The analysis of PARP3 genomic occupancy by ChIP-chip in the human SK-N-SH cells highlighted a predominant localization of chromatin-associated PARP3 around development genes, and in particular those involved in neurogenesis. Remarkably, an in vivo exploration, in the vertebrate animal model zebrafish, of PARP3 target genes identified in a human cell line revealed that the expression of several of these genes are indeed dependent on the expression of parp3 during zebrafish embryonic development. The expression of parp3 during zebrafish embryogenesis, which has been partially determined by ISH [41], is consistent with Parp3 exerting regulatory functions at these early stages. By the end of gastrulation (10 hpf), parp3 is expressed at a basal level throughout the embryo with a stronger expression in the axis, while during segmentation (10h–16h), parp3 expression is concentrated in the notochord. By 24 hpf, parp3 expression is concentrated in the anterior/head region although not restricted to a specific structure. By knocking down the expression of Parp3 in zebrafish embryos, we readily observed a host of developmental defects within the first 48 hrs after fertilization consistent with impaired regulatory networks at the neural plate border, a region formed at the interface of the neuroectoderm and the non-neural ectoderm in the hindbrain of early embryos.

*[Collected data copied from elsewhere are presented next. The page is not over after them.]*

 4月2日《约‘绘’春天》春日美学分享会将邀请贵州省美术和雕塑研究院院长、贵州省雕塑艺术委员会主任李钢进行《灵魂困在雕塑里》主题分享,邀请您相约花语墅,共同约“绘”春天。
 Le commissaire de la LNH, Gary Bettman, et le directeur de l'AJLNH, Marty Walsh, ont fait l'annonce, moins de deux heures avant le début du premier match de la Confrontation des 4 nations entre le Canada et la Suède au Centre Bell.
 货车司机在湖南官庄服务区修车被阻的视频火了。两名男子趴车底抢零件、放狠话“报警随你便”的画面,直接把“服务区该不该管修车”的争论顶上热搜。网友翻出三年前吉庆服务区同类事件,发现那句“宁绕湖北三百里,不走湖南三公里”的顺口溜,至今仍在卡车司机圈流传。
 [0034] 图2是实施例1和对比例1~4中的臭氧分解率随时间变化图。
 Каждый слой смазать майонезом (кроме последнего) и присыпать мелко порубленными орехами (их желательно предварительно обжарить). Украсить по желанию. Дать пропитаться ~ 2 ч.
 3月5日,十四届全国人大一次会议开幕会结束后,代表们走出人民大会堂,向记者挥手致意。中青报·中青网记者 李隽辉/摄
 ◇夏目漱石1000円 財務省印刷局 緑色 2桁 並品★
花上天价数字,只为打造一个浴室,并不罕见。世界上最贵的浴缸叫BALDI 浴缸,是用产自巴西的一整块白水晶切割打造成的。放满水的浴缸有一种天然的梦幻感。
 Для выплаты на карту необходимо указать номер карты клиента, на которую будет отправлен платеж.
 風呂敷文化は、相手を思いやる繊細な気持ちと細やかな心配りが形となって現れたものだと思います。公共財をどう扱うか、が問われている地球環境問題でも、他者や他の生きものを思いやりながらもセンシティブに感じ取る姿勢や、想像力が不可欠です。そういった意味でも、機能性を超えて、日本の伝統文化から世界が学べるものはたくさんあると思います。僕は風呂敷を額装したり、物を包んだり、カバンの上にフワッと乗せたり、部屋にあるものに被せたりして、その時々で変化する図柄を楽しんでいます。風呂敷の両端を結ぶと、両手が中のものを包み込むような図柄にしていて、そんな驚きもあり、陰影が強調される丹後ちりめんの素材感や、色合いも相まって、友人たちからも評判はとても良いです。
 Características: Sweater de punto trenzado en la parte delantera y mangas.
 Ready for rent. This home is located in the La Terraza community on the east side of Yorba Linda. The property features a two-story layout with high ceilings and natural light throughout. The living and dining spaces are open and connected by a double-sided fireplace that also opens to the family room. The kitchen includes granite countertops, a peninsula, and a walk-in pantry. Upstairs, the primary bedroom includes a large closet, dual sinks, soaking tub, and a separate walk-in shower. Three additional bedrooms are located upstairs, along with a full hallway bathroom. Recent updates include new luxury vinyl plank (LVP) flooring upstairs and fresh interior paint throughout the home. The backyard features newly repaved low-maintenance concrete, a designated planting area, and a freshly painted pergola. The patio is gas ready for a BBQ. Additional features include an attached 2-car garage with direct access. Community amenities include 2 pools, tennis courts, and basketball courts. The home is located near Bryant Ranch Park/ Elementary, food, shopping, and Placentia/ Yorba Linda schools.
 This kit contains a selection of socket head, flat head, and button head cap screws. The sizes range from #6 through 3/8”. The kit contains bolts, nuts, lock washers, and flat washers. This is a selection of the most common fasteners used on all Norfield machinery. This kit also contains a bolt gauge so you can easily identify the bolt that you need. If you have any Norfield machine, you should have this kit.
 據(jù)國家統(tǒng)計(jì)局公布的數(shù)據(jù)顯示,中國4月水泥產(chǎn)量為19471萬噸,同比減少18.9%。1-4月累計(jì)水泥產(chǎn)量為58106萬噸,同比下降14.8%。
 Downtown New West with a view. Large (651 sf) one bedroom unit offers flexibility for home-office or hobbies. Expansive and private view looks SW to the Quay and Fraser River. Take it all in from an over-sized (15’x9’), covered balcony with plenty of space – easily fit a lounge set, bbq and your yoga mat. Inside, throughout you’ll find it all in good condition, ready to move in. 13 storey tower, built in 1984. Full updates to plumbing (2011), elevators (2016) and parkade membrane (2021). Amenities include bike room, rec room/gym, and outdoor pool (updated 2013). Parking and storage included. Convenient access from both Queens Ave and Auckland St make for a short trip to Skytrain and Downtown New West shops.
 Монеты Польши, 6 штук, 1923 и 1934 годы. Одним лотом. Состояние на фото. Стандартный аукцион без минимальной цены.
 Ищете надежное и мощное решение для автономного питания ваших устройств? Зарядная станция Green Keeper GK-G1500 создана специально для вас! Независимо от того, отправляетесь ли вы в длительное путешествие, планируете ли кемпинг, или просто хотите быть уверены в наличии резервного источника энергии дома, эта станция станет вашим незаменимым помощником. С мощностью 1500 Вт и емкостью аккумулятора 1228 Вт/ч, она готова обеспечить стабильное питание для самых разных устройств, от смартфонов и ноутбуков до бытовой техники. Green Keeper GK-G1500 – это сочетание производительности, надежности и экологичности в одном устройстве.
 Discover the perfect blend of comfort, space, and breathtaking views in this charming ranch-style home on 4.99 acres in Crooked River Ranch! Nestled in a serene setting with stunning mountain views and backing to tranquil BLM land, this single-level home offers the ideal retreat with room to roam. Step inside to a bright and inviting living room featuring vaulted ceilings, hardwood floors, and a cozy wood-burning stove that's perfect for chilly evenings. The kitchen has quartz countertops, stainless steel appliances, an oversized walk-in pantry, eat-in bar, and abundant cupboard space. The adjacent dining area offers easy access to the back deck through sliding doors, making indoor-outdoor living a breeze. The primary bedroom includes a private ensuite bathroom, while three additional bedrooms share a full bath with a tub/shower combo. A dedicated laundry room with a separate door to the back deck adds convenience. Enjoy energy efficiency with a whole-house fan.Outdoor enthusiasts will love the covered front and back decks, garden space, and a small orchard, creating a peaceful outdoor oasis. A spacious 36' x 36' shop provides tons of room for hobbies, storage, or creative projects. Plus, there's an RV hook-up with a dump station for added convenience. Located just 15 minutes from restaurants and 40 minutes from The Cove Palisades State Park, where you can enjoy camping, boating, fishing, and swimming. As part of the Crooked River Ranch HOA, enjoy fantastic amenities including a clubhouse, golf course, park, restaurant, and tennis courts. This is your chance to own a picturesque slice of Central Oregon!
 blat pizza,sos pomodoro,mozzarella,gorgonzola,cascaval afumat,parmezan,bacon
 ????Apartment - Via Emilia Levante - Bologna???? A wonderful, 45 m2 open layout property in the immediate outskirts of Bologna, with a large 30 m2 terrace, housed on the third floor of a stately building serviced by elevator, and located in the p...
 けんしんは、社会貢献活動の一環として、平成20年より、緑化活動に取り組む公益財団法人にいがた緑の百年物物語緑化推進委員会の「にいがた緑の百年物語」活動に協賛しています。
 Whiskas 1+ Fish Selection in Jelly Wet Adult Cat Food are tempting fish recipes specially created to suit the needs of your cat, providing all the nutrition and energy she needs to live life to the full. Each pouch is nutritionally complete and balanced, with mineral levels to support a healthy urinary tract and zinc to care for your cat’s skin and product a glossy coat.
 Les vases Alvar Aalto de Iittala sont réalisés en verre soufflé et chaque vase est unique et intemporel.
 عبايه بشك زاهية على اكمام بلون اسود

Under the influence of a specific set of transcription factors, multipotent precursor cells of the neural plate border give rise to the preplacodal ectoderm and to precursors of the neural crest cells. Subsequently, an important gene regulatory network orchestrates the formation, migration and differentiation of neural crest cells into cells of the parasympathetic nervous system, melanocytes, smooth muscle cells and craniofacial cartilage, among others [42], [43]. In parallel, the preplacodal ectoderm differentiates into sensory placodes from which are derived all of the cranial sensory ganglia. The SoxE family transcription factors SOX8, SOX9, SOX10 are critical neural crest “specifiers” and also direct proper differentiation of the preplacodal ectoderm together with DLX3 and DLX4 [35], [43]. The identification, in our ChIP-chip screen, of these genes as PARP3 targets therefore suggested that in zebrafish, Parp3 could participate in the specification of the neural plate border, neural crest formation and/or diversification by regulating the expression of these genes. Indeed, the significantly reduced expression of crestin, sox9a, dlx3b, dlx4b and neurod, the absence of inner ears (that take their origin in the preplacodal ectoderm), the delayed pigmentation (melanocytes are derived from neural crest cells) all support key transcriptional regulatory functions for Parp3 in the neural crest and neural plate border of early zebrafish embryos. Furthermore, because the expression of sox9a is already reduced by the end of gastrulation, our results suggest that parp3 is a critical determinant in the specification of the preplacodal ectoderm into otic placodes. Of note, a previous survey of PARP3 expression, in various tissues of adult monkeys, revealed a strong PARP3 expression in neurons of terminal ganglia, already suggesting that PARP3 may contribute to the functions of neurons of the peripheral nervous system [9]. As well, a recent study in a mouse model of multiple sclerosis showing a robust upregulation of PARP3 expression in the spinal cord of mice developing the symptoms of the disease also suggests a role for PARP3 in the central nervous system [44].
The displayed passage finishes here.